Schatzkin and his business partner, both of whom worked in the television industry in Los Angeles, attempted to have a television or theatrical movie made about Farnsworth’s life starting as far back as 1975, but they have not been successful.
“I’ve got lots of rejection letters,” said Schatzkin. “I’ve got a rejection letter from Jeffrey Katzenberg, who was at Disney at the time.” (Katzenberg and Schatzkin were bunkmates at summer camp in 1962.) “The story’s been dropped in Ron Howard’s lap. He’s passed, too.”
Savenick and his director, Kevin Lee Miller, are currently trying to find someone with a development deal with a studio or network to champion their eight-part, limited teleplay about Farnsworth. The 100th anniversary of the invention of television is in 2027, so he’s hoping it will be available through a streaming service when the anniversary comes.
In the meantime, the artifacts Savenick saved from the dumpster are on display (along with other items from television’s history) on the ground floor of his West Los Angeles home.
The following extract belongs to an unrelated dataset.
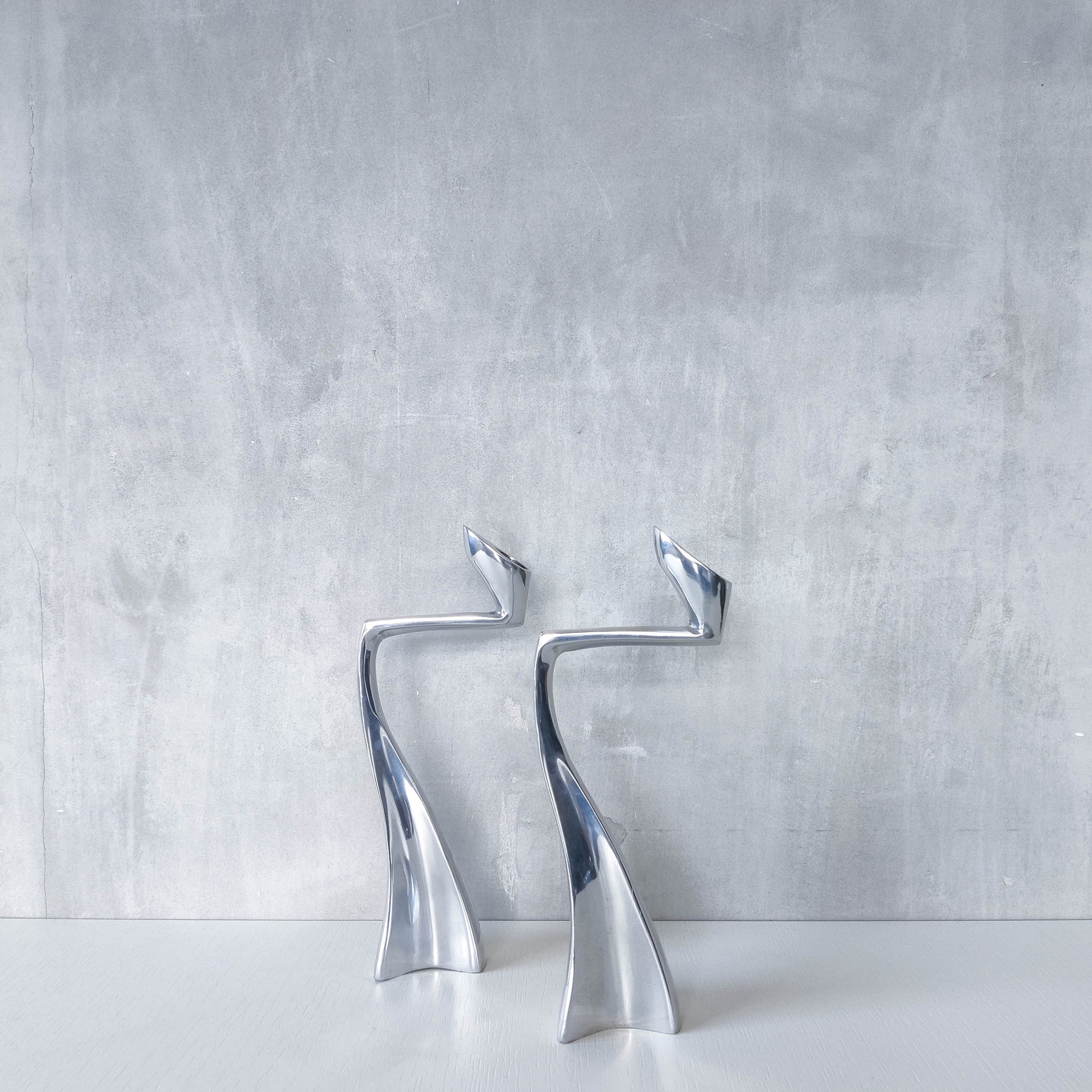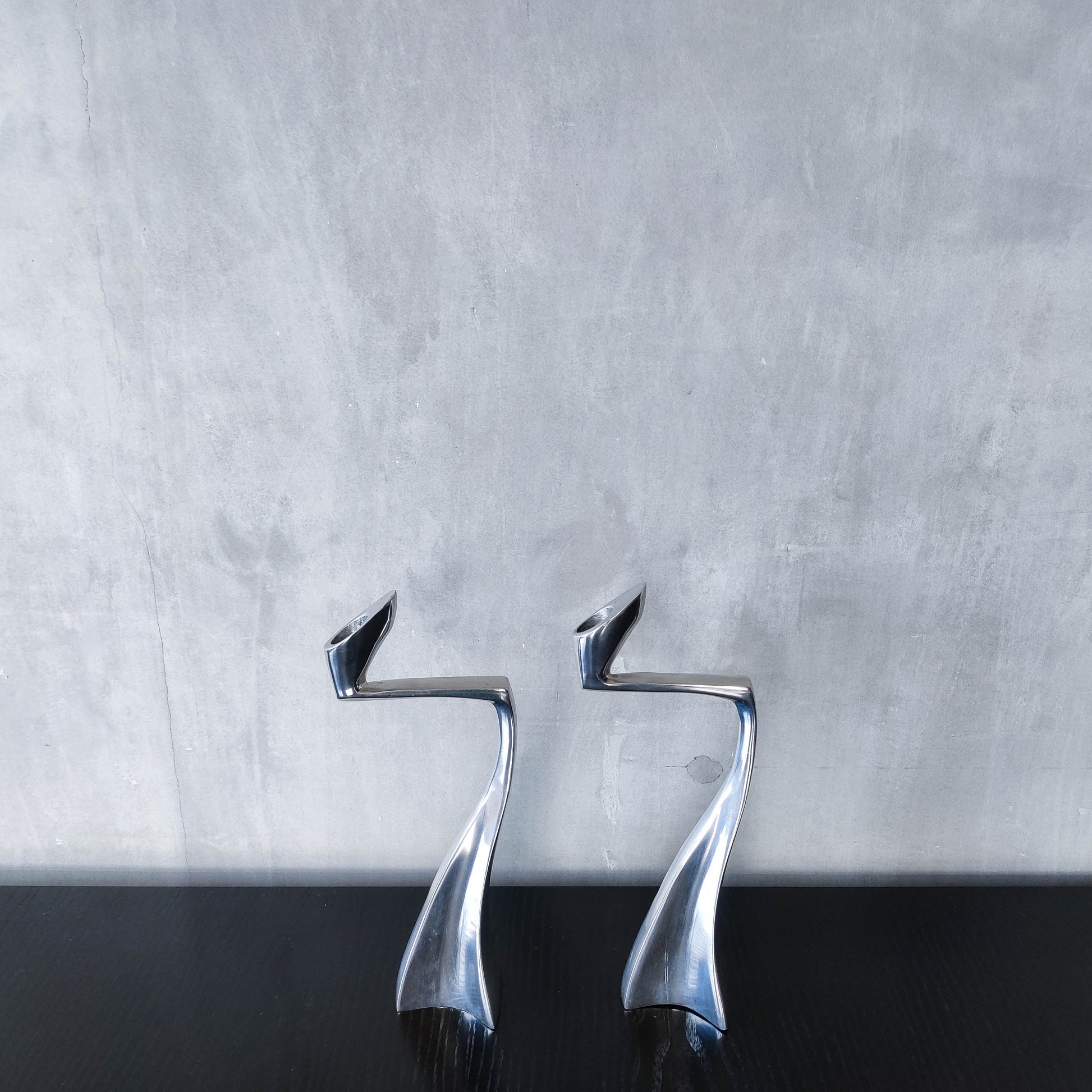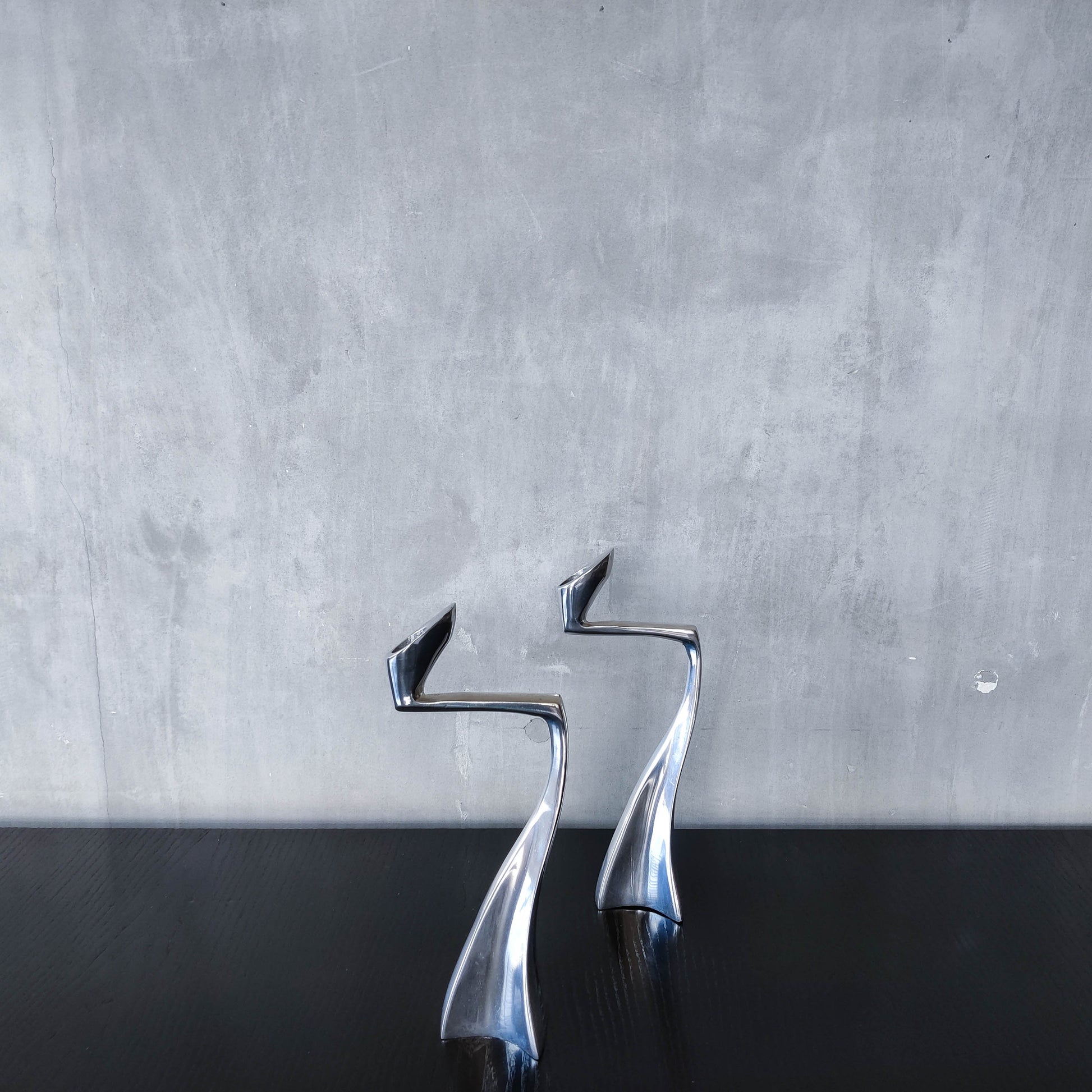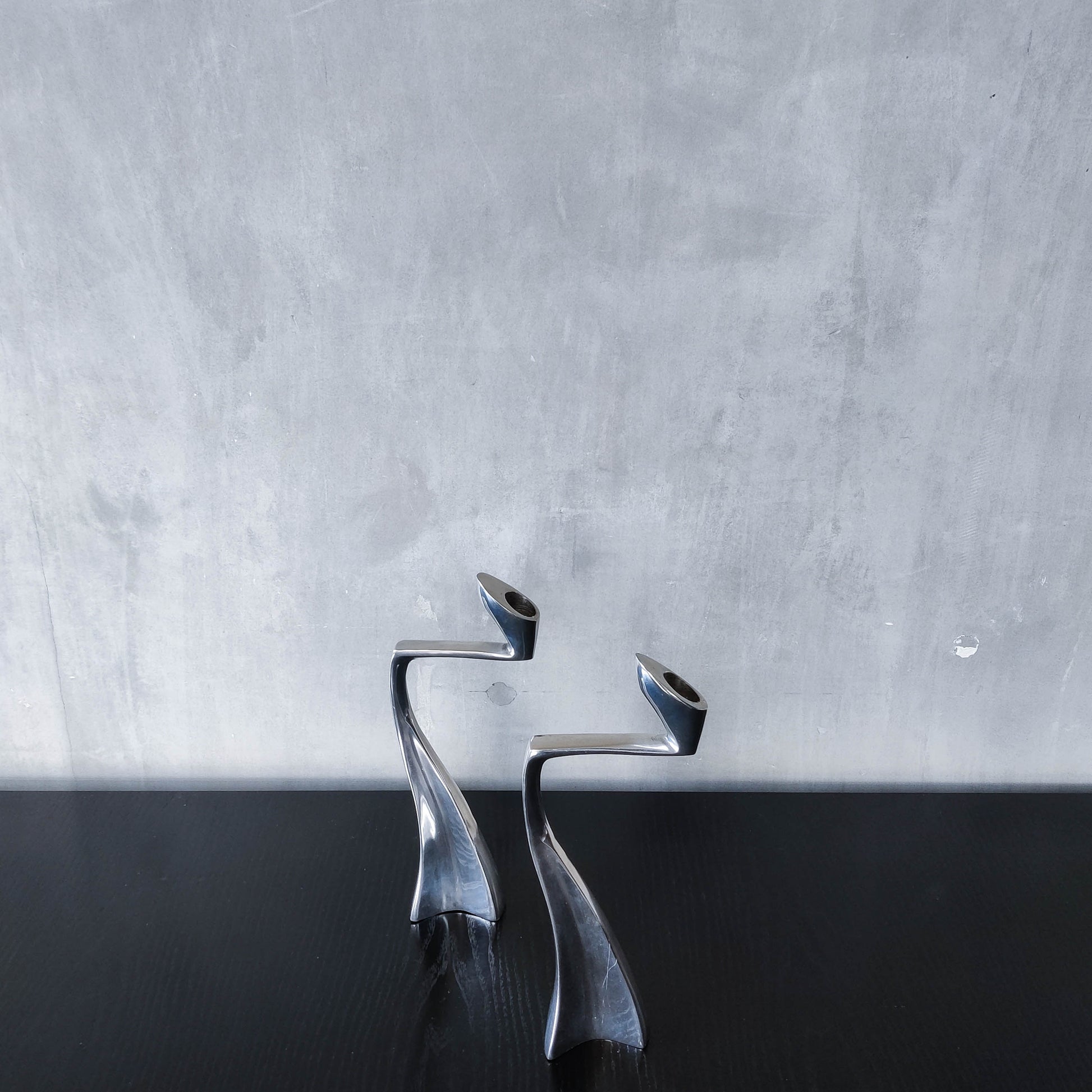 A pair of cast aluminium vintage 1990s candle holders in the style of Matthew Hilton (not stamped). Swan neck sculptural form. To fit dinner candles (sorry not included). Please see photos and condition description.

Some of them were sold to the MZTV Museum of Television in Toronto, Canada.
The Legacy of Philo T. Farnsworth
In 1971, Farnsworth passed away at age 64. “Died penniless, died heartbroken, died drunk,” said Savenick.
In 2013, the Academy of Television Arts & Sciences posthumously inducted Farnsworth into its Television Hall of Fame. At the dinner, both Schatzkin and Savenick were in attendance. Savenick had produced a video biography shown to the attendees at the induction ceremony.
Since 2003, the Academy has awarded the Philo T. Farnsworth Corporate Achievement Award to companies who have significantly affected the state of television and broadcast engineering.
“The inception of what we now know of as television was not a minor point in human evolution; it was one of the major points in human evolution,” said Schatzkin in an interview. “That was not just another invention in the path of modern inventions; it was a turning point in human history. [Farnsworth] sits right at the flex point between the mechanical age to the electronic age. He brought to bear the science of relativity in a device from which every screen we are now looking at finds its origins.”
So what is this dark cloud that hung over Farnsworth for his entire life and beyond? Schatzkin has a very philosophical answer to that question: “I would go as far as to say he represents the potential of access to a realm of knowledge for which humans are not yet ready.”
Rest in peace, Philo Taylor Farnsworth.